Tuesday, July 19, 2011

Living in Fear

If you are new to reading my posts, you may not know that I consider "F.E.A.R." the worst four-letter word in our language. It has decimated relationships, caused self esteems to collapse, and brought down whole countries based on ignorance.

In my own little personal world, fear has caused me to live a life half lived. Do you remember that quote from "Strictly Ballroom"? One of my favorite films and one of my favorite quotes. The character, Fran, is talking to Scott, and says, "A life lived in fear is a life half lived."

Full understanding of the effect of fear on my life has taken a journey of many twists and turns, ups and downs, and lots of hard work. Not giving up when something gets uncomfortable or makes me even more fearful has brought me to a new place of peace.

Fear of letting someone down, fear of being considered selfish, fear of not being good enough, fear of not having friends, fear of seeing the me I really am, fear of love, fear of being happy.

A friend and I were discussing this just the other day and she was taken aback when I mentioned that I had been fearful of being happy. I can't begin to recall when that fear entered my conscience, but I do know it has held me back or caused me to over-react at many stages in my life.

Lately, my life has changed dramatically. In a sense, I have found an inner calm. I don't need outside influences as much to make me feel a part of things. I don't need any more than what I already have and it took me a long time to know this fact.

From a party girl who only wanted to be out every night to someone who is hard-pressed to even go to a private party, it has been both a blessing and a curse. I love that I am comfortable in my surroundings and need not travel far for that pleasure. But I do miss, somewhat, the nights out. I am sure I will find my balance.

Family life is good; my husband and I just want to spend the rest of our lives together on vacation. We enjoy traveling and are working to make this more and more of a reality in our lives. My children are doing well and I feel no threat for their welfare because I know they can make their own way, whether I am of this world or not. With a father, stepfather, and me to guide them, in our own crazy ways, they are prepared for anything that may come. I could not be prouder of them.

My friends are a smaller group than before, but much more loving, forgiving, and joyful. It is a good place to be.

Family ties are good and growing stronger; I believe I am the leader in the family on this journey--whether it is being a good companion to my mother-in-law or a daughter who understands and forgives her own father for everything I perceived as a wrong in the past. Even with my mother-in-law, I can see that some of the things she does are also based on fear and anxiety and so I can understand that now and make her life easier by just being a friend, not wanting anything from her but a friendship.

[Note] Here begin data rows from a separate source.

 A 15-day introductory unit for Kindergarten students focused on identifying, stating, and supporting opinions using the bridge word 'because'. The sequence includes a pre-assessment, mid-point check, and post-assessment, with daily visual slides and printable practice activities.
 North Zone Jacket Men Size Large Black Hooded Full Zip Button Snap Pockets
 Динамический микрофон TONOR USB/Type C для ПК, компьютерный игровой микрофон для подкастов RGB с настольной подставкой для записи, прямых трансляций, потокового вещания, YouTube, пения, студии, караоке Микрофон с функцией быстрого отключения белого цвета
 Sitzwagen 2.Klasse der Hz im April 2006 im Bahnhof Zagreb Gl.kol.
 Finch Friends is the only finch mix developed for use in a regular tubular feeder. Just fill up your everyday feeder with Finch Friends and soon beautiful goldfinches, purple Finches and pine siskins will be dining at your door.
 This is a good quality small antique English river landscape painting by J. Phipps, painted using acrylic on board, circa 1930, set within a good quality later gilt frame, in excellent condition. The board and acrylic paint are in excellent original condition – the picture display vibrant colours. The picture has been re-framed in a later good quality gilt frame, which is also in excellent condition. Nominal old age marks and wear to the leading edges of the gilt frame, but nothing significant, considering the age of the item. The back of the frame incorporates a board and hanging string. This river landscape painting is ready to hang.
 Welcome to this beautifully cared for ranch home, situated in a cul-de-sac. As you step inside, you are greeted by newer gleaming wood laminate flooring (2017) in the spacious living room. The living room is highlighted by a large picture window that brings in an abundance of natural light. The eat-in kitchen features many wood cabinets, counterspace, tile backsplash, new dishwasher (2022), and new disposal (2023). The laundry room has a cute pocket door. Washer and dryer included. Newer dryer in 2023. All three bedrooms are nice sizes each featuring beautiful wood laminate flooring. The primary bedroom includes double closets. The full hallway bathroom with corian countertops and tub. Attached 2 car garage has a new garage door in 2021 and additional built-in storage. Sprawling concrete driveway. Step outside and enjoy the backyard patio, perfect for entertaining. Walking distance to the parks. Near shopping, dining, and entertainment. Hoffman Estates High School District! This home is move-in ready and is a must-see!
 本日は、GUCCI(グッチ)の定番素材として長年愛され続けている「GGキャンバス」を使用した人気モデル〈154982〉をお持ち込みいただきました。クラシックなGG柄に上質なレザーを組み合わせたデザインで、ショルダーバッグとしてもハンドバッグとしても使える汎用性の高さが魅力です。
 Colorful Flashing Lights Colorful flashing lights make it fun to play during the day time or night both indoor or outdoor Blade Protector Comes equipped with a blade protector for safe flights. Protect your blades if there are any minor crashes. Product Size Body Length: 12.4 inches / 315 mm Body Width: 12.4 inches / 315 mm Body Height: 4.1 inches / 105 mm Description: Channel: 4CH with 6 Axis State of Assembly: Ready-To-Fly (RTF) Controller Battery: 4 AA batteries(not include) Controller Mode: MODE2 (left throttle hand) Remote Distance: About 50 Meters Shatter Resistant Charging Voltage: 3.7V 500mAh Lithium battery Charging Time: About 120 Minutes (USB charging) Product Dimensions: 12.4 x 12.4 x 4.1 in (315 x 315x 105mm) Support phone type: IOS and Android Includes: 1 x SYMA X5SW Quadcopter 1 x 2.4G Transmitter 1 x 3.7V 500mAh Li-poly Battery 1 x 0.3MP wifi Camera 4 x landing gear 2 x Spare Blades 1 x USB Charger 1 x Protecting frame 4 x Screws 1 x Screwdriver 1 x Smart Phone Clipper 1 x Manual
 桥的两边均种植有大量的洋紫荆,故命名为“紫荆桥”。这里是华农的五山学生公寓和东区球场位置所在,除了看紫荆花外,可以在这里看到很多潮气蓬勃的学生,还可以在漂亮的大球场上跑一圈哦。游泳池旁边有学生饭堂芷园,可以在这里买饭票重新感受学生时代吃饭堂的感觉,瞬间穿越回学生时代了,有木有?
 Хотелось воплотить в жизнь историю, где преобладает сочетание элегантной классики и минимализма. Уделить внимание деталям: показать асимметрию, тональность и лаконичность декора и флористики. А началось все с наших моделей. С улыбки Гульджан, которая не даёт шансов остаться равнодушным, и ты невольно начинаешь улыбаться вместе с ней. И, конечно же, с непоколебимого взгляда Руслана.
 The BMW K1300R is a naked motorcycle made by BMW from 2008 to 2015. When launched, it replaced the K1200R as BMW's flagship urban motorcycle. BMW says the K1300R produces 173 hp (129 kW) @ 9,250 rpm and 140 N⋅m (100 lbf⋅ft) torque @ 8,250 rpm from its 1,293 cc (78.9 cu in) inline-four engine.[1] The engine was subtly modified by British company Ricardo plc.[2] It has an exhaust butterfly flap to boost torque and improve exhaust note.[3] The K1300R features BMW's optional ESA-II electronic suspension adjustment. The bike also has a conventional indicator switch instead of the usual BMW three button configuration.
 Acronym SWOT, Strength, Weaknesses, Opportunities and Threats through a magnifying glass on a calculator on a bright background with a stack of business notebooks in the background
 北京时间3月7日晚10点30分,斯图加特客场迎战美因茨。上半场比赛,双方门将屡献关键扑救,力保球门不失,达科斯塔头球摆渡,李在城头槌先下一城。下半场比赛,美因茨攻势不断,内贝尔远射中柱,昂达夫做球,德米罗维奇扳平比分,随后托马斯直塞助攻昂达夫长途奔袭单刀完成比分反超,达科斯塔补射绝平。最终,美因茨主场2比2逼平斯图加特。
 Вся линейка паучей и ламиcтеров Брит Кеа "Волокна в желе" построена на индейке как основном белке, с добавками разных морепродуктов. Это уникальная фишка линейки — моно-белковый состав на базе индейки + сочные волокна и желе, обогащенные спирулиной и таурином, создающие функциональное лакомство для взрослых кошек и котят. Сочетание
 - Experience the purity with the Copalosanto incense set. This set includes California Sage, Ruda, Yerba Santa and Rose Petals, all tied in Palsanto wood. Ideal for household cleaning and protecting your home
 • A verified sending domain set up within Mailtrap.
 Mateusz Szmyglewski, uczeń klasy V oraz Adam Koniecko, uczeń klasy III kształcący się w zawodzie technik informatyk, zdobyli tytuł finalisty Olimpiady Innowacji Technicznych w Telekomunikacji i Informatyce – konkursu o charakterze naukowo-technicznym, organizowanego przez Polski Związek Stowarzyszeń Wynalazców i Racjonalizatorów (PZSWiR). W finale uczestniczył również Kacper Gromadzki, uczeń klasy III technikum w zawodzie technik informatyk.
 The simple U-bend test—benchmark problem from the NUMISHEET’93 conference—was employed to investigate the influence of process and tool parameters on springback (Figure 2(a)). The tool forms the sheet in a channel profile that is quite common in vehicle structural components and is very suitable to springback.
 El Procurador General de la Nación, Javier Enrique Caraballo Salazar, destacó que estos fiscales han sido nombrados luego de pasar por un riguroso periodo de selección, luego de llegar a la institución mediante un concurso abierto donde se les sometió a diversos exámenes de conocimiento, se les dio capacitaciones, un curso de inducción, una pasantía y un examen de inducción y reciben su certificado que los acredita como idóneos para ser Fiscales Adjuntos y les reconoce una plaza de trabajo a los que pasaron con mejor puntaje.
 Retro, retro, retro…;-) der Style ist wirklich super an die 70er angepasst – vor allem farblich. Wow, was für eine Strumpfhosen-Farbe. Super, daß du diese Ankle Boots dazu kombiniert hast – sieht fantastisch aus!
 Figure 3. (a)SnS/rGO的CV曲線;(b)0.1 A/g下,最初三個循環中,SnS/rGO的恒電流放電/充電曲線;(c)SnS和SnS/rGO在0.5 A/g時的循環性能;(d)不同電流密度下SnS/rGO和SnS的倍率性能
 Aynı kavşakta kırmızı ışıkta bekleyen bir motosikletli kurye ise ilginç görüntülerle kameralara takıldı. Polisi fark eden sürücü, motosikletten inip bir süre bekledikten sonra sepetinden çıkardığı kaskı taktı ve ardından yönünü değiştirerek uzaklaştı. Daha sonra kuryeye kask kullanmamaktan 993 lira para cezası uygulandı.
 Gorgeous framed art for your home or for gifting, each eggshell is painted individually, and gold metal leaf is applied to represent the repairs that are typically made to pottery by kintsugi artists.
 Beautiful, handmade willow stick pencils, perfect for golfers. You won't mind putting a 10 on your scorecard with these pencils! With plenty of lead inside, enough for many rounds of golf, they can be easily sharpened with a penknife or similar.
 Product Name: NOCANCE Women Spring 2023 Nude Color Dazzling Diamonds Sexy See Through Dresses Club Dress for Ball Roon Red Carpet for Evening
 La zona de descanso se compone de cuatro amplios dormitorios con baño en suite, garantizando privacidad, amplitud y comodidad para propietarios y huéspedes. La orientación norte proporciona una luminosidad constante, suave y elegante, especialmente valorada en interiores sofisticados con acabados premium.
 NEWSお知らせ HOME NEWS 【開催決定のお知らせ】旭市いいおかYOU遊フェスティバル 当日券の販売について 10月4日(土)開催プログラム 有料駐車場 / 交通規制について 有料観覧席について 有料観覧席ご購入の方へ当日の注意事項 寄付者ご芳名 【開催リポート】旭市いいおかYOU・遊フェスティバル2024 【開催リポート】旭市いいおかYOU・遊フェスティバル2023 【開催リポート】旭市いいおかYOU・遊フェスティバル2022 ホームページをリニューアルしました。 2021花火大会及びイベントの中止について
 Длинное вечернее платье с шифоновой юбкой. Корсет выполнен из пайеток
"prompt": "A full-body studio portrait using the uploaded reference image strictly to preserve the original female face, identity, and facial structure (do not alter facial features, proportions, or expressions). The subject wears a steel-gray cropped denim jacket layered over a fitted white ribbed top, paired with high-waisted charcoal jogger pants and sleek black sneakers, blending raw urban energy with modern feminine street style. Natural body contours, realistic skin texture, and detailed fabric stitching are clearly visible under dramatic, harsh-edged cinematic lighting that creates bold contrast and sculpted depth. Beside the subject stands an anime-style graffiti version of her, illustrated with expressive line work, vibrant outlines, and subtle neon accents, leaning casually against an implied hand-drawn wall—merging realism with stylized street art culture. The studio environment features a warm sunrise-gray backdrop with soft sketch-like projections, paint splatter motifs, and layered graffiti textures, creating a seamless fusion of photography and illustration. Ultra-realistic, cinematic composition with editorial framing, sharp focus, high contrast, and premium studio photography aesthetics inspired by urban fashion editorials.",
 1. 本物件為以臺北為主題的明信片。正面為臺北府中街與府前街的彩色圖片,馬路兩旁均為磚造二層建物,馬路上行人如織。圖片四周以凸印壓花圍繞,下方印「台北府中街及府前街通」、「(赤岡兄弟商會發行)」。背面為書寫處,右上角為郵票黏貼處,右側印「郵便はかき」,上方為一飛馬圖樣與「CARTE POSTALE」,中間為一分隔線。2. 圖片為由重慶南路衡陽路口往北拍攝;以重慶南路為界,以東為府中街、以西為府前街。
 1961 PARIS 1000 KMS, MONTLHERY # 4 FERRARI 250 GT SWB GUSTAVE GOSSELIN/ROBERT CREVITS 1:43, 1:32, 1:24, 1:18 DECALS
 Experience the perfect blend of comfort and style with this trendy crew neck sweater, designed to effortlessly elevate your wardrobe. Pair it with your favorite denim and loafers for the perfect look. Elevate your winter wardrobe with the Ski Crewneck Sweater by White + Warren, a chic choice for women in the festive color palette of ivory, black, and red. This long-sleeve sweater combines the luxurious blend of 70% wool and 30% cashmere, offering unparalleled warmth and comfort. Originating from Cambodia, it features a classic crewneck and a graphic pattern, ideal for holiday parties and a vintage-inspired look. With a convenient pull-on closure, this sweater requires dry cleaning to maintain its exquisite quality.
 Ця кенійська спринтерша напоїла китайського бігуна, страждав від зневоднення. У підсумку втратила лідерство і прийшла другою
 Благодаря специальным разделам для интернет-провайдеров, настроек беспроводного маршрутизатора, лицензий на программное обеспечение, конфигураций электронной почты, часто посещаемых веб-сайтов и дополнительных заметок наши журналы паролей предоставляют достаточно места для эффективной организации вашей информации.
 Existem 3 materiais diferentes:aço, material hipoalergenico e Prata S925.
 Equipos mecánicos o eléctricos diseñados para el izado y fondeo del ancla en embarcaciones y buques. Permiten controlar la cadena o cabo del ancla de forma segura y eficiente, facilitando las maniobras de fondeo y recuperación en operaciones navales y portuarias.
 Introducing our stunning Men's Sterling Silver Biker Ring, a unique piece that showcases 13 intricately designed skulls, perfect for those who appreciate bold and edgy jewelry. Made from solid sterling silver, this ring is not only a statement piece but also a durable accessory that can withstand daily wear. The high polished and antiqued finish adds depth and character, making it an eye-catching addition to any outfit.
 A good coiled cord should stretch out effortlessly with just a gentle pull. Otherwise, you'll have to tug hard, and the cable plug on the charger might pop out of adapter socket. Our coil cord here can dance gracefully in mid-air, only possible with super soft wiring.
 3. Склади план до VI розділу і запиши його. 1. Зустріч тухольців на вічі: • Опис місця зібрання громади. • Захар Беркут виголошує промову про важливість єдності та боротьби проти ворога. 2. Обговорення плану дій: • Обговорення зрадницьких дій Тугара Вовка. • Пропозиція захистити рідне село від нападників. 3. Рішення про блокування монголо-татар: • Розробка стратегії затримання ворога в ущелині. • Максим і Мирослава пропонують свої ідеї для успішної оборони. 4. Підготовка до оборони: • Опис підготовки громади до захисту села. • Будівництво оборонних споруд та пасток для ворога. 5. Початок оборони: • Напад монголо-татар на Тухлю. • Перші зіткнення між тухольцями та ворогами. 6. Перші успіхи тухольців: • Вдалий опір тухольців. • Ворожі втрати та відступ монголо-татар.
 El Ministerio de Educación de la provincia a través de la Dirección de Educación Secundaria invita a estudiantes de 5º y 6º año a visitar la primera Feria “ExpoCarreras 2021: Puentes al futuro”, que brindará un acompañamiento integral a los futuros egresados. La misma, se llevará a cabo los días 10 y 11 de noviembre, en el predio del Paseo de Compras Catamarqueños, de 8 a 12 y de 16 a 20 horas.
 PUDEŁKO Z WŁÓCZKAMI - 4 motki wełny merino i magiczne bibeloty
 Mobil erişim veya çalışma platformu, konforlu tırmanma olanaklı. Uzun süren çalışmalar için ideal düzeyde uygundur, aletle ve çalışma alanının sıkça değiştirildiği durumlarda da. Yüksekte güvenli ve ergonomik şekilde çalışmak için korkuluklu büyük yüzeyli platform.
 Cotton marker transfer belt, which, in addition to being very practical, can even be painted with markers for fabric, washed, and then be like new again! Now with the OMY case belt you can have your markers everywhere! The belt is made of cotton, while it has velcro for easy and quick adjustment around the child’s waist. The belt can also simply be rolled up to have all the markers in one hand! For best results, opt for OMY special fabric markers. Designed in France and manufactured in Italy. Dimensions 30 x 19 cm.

That feeling carried over into one of the best birthday party celebrations we've ever had out at family shore house in Maryland a few weekends ago. I had a few friends out and that made it even more fun for me personally.

After everyone had gone and cleanup completed, I mentioned to my MIL that I had taken lots of photos and that I was sending copies to her friends via e-mail. I told her I could send her some that way, too, but she groaned because she really is not of the digital age and loves letters and pictures you can hold. I groaned back when she asked for prints, but later in the week, I revisited the idea with a new perspective and, remembering all the cards, letters, and packages that she sends us, I had a new idea.

Prints were made of the party photos and I gathered them for her in a bright purple photobook. I mailed it today and she should get it by Thursday. In the past, this might have been something I would do out of fear of loss of relationship, but this time, it was done purely with love. And it felt really good. Could become addicting, I think.

That is what happens when the fear and anxiety (which I know is still in existence in my brain) take a backseat to the higher feelings of oneness and truth and love and no fear. I like this journey of life and the lessons I have learned--sometimes I say I would go back and change some things, especially the more hurtful experiences, but if I did, I would not be where I am now and this is a real good place to be.